|
|
|
|
|
by agwa
524 days ago
|
|
> If you let a disk run full weird shit happens. Only in buggy software that ignores errors from system calls. Obviously you can expect availability problems when you run out of space, but there's no excuse for losing data from committed transactions given that the OS will reliably report the error. > So I do strongly hope that besides changing software, they added some disk space monitoring. One of the action items in their incident report was improving monitoring and alerting: https://groups.google.com/a/chromium.org/g/ct-policy/c/038B7... |
|
For example, the author says "Whilst its primary key index still includes the ~1,300 unsequenced rows, the table itself no longer contains them." This is simply impossible in InnoDB, which uses a clustered index – the primary key B-tree literally is the table with InnoDB's design. The statement in the incident report is complete nonsense.
Also if the storage volume runs out of space, InnoDB rolls back the statement and returns an error. See https://dev.mysql.com/doc/refman/5.7/en/innodb-error-handlin... (MySQL 5.7 doc, but this also aligns with MariaDB's behavior for this situation)

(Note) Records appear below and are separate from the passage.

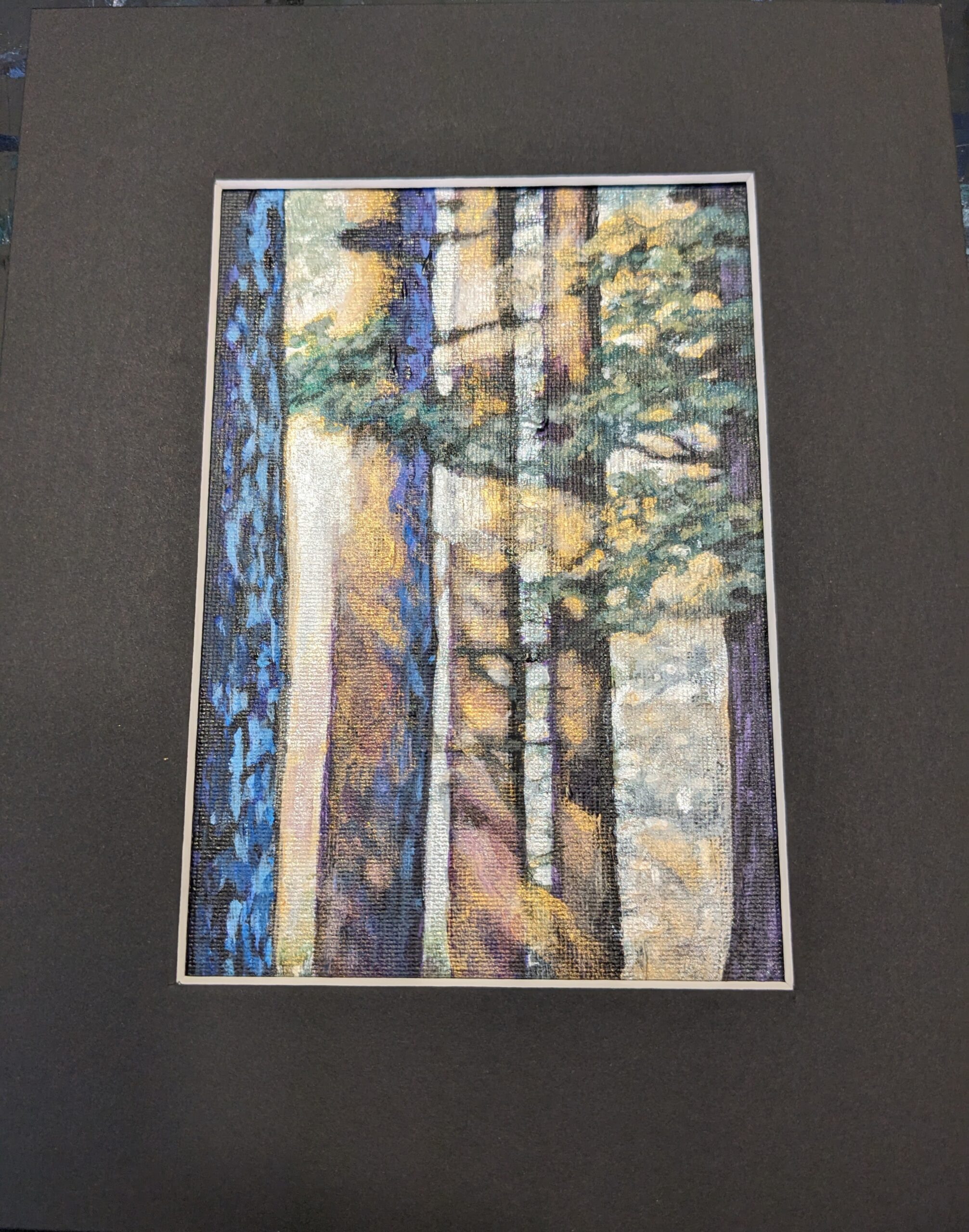 Light streaming through the trees. Acrylic on canvas with matting. 8″x10″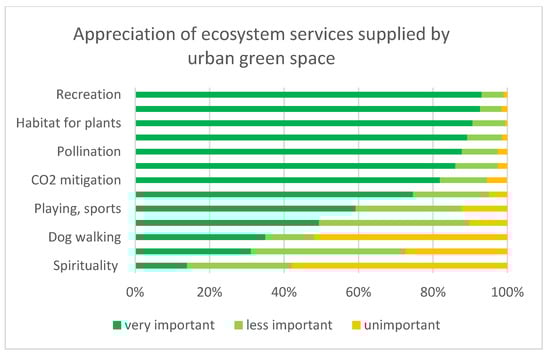 While the products of provisioning ES can be transported into cities, regulating and cultural ES generally have to be supplied close to or even within cities. The respondents to our survey spend their leisure time in urban green because they know that this improves their health. The most popular ecosystem services in our three cities were the possibility of recreation and better air quality (93% of the respondents in both cases), which are the two most important aids to good health. However, the next most valued ES were urban nature as providing habitats for plants, animals and, in particular, bees (respectively, for all cities: 90, 89 and 88%), which promote a sense of well-being (and, thus, also mental health). This is in line with [53], who found that “bird species richness is positively related to life-satisfaction across Europe, with a comparable effect to income”. The third most valued ES was microclimate regulation (86%), while all other benefits such as flood protection (75%) were lower in popularity. Green spaces were not particularly valued as sources of religious or spiritual inspiration, while activities such as dog walking were more often named as unimportant than important (the latter almost exclusively by the people with dog).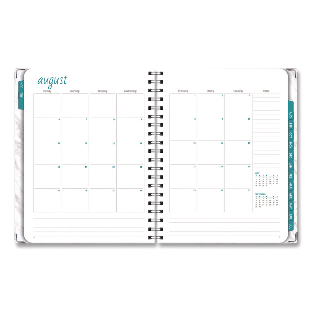Organize your life throughout the school year with the Marble Academic Year Weekly/Monthly Planner. Flexible, Monday through Sunday weekly spreads feature a priorities checklist as well as ruled space for daily appointments, tasks, takeaways and more. Tabbed monthly spreads feature a standard grid design with generously sized daily blocks and a separate notes column. Robust ruled notes section in the back of the book accommodates anything that doesn't quite fit into any one week, any one month. Attractive and understated Marble design cover and strong wire-O binding provide a professional look.
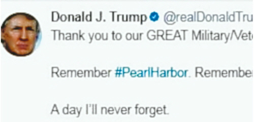 그러면서 부인 멜라니아와 진주만 공습 당시 일본의 공격을 받고 파괴돼 침몰한 애리조나함 위에 세워진 ‘애리조나 기념관에 헌화’하는 영상을 첨부했다.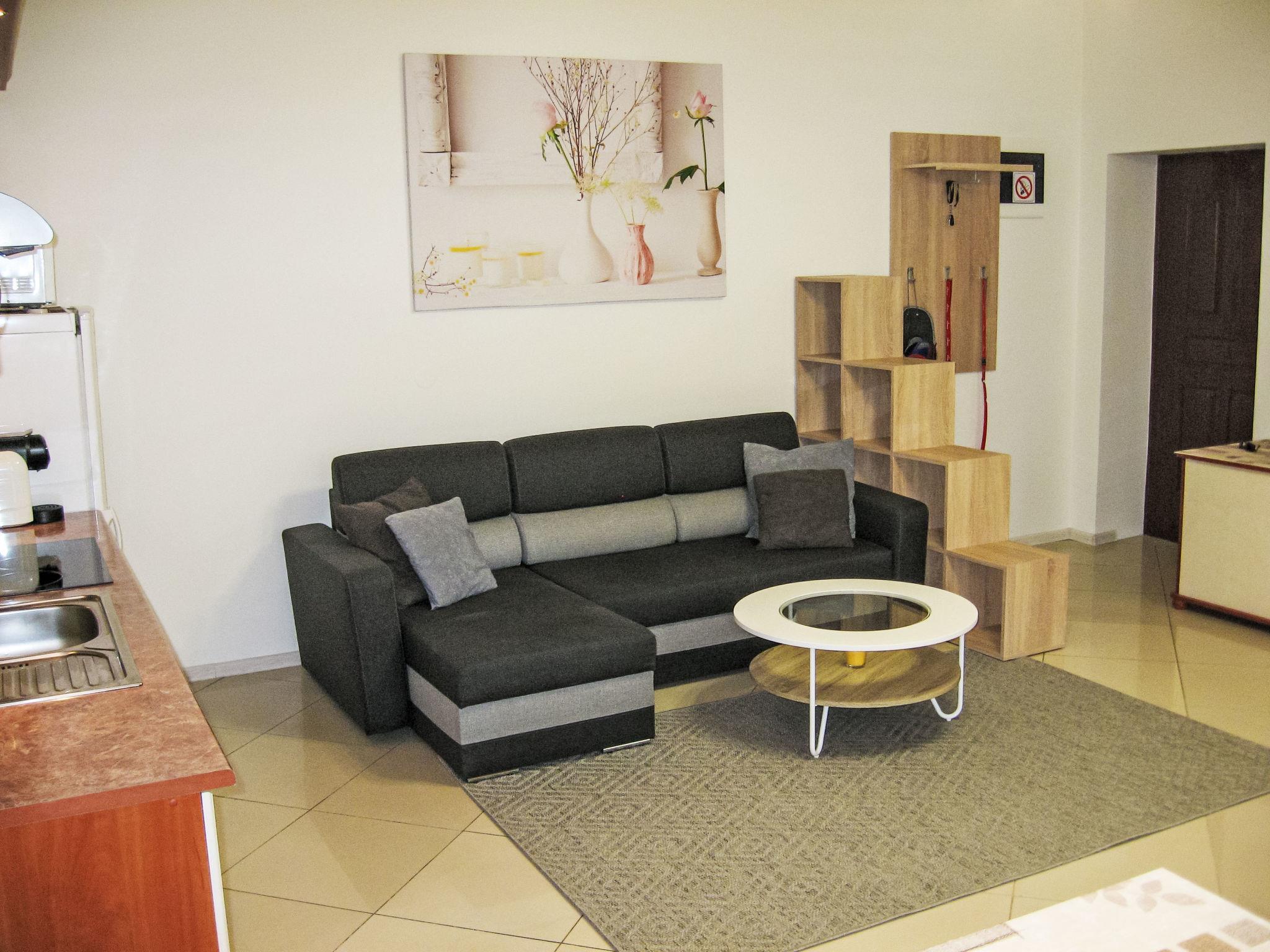 "Jedrek", 2-Zimmer-Wohnung 43 m2, im Erdgeschoss. Komfortabel und gemütlich eingerichtet: Wohn-/Schlafzimmer mit 1 Diwanbett und TV. Ausgang zum Garten. 1 Zimmer mit 1 Diwanbett. Offene Küche (Geschirrspüler, 4 Glaskeramikplatten, Mikrowelle) mit Esstisch und Essecke. Dusche/WC. Heizung, G-Heizung. Gartensitzplatz 20 m2. Terrassenmöbel. Sicht auf die Berge. Zur Verfügung: Waschmaschine. Internet (WLAN). Parkplatz beim Haus. Maximal 1 Haustier/Hund erlaubt.

So maybe they were using MyISAM, which is ancient and infamously non-crash-safe and should pretty much never be used for anything of consequence, which has been well-known in the database world for 15+ years. Who knows, they didn't say.
The report directly says "Our teams have very little expertise with MySQL/MariaDB", which also makes me question their conclusion "that it is not possible" to restore/recover.
Also this whole incident happened to Sectigo, take from that what you will.
The one thing I'd criticize MariaDB for here is that they're lacking an additional safety mechanism which MySQL has: by default MySQL will shut down the database server if a write to the binary log cannot be successfully made, ensuring that any writes on the primary can be replicated as well. (iirc this was a contribution from Facebook.)